Neither girl mentioned it until they were inside the Carltons’ house. They did not stop on the porch, but followed Linda’s Aunt Emily into the living-room.

“I suppose your telegram was from Hollywood, Linda?” inquired Miss Carlton, as if to lead up to the all-exciting topic.

“No, it wasn’t, Aunt Emily,” replied Linda, decidedly. “It was from Mr. Eckert—you remember, the head of the Air School at St. Louis, where I took my course?... He wanted me to take a position teaching there this year.”

“Why, that sounds very attractive, dear,” replied Miss Carlton. “Safer and more dignified than all this stunt flying you’ll have to do for the pictures.” A look of distress passed over her face.... “Linda, I don’t like your accepting that contract without consulting either me or your father,” she added, gently.

Linda dropped into a chair with a groan.
17

“Please sit down, Aunt Emily—and Dot. I have a lot to say.”

Not knowing what was coming next, they both complied with her request.

“Haven’t you both always found me pretty truthful?” she asked, seriously.

“Of course we have, dear,” answered the older woman, immediately. “Nobody ever doubts your word. But you never promised me that you wouldn’t go into the films. I never asked you not to, for I thought you wouldn’t consider it.”

“No, Aunt Emily, I wouldn’t. And I haven’t!

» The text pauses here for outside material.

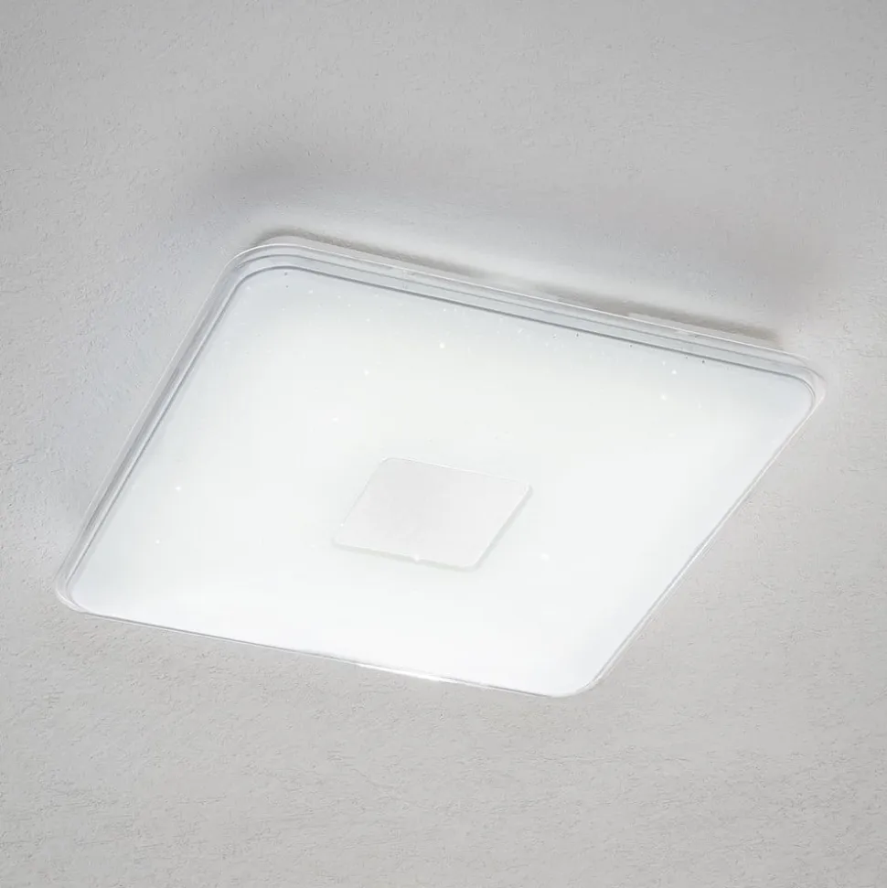 LED loftslampen Samurai holder enkelte funktioner klar, som gør livet dejligere i brugerens hjem. Den medfølgende fjernbetjening gør det muligt at styre alle funktioner efter behov. Således kan man regulere lysstyrken med den eller også vælge lysfarve blandt varmhvid, universalhvid og dagslys. Det giver en lang række forskellige atmosfærer og gør lampen alsidigt anvendelig. Desuden har den en natlampefunktion. Om natten funkler den fiktive stjernehimmel i loftet og indbyder til at drømme. Loftslampens udseende er præget af en kvadratisk form med afrundede hjørner og fuldendes af et lille kvadrat i midten af lampens plastskærm. Samurais funktioner er lige så omfattende som anvendelsesmulighederne.
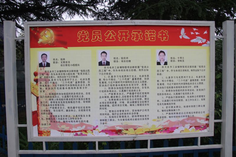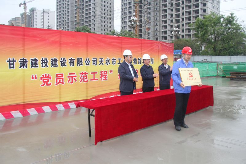 張國虎代表公司黨委向項目部授牌并做了重要講話,他指出,八公司天水市工業(yè)博物館項目自開工以來,嚴格貫徹執(zhí)行國家有關安全生產和技術質量法律法規(guī)及相關規(guī)定,積極貫徹落實公司黨委有關加強項目黨建的工作要求,不斷健全完善項目部學習培訓、安全質量管理等制度,強化質量控制、進度控制和成本控制,重視安全文明施工,不斷創(chuàng)新職工活動載體,規(guī)范項目黨員組織生活,在培養(yǎng)技術能手和管理能手上成效明顯,項目黨員的先鋒模范作用在工程建設全過程中有效發(fā)揮。

You and Dot must believe me. That girl you saw today impersonating me is a fake. I never signed a contract, with any picture producer, and I haven’t been near Hollywood!”

Dot jumped to her feet joyfully, and, dashing across the room, wound her arms about her chum.

“I’m so glad, Linda!” she cried.

Miss Carlton breathed a long sigh of relief.

“But think of the impudence of that girl!” she exclaimed. “To dare to do a thing like that—”
18

“Expecting that she can get away with it!” added Dot.

“Well, she can’t!” announced Linda, her eyes shining with indignation. “I’m going to fly right out there and grab her by the collar—and—and—”

“Why, Linda, I never heard you talk so!” remarked her aunt in amazement. “Not even when you were a child.”

“I never had such occasion to do so before. You know what Shakespeare says about stealing your good name. That’s just what that girl’s doing. Making me cheap. As if I were in aviation for publicity, or for personal gain! Oh, I’m stirred up, all right!”

“I don’t blame you one bit, dear!” agreed Miss Carlton, soothingly.

“But what are you going to do?” demanded Dot, realizing that Linda must have already formulated a plan during that moving-picture show. “Going to wire the Corporation?”

“Indeed I’m not!” she replied, emphatically. “They wouldn’t believe me.”

“‘How could they believe you?’” quoted Dot, from the old song of “The Girl from Utah.”
19

“Exactly! If all my own friends—Ralph, and Kit and Jim and everybody—yes—even you and Aunt Emily—actually thought I was fooling, how could I convince a strange director by merely sending a telegram? He’d think I was the impostor, of course, and their Linda was the real thing.”

“Yes, that’s logical,” admitted Miss Carlton. “But what can you do, dear?”

“I’m going to fly right out to Hollywood tomorrow, after I give the Ladybug a thorough inspection.”

Miss Carlton sighed, this time not in relief.

“Then you’ll be home only one night!”

“I can’t help that, Aunt Emily. I must go. I just have to. I’ll stop and see Mr. Eckert at St. Louis, on my way.”

Dot’s eyes lighted up with sudden inspiration.

“May I go with you, Linda?” she asked.

“May you!” Linda repeated. “Oh, Dot, would you? I’d just love it!”

“And I’d feel safer,” put in her Aunt Emily.
20

“It’s decided, then,” announced Dot. “I’m thrilled to death!... Oh, Linda, think of seeing Hollywood. The movies being made—and the stars themselves! We’ll have a marvellous time.”

“Be sure to take plenty of clothes,” cautioned Miss Carlton. “You know how much they dress out there.”

“We’ll outshine Lilyan Tashman herself!” promised Linda, thankful that her aunt was not raising any objection to the trip.

“Going to tell Ralph about it?” inquired Dot, as she rose to telephone to her mother.

“What’s the use?” returned Linda. “He wouldn’t believe me. He’d think I was going back to complete my contract. No; he’s peeved—let him stay peeved. I’d rather spend my evening planning our trip.”

“Flying comes first, as always,” observed Miss Carlton, in a resigned tone, as she, too, left the room, to do her part in making the trip comfortable for the two girls.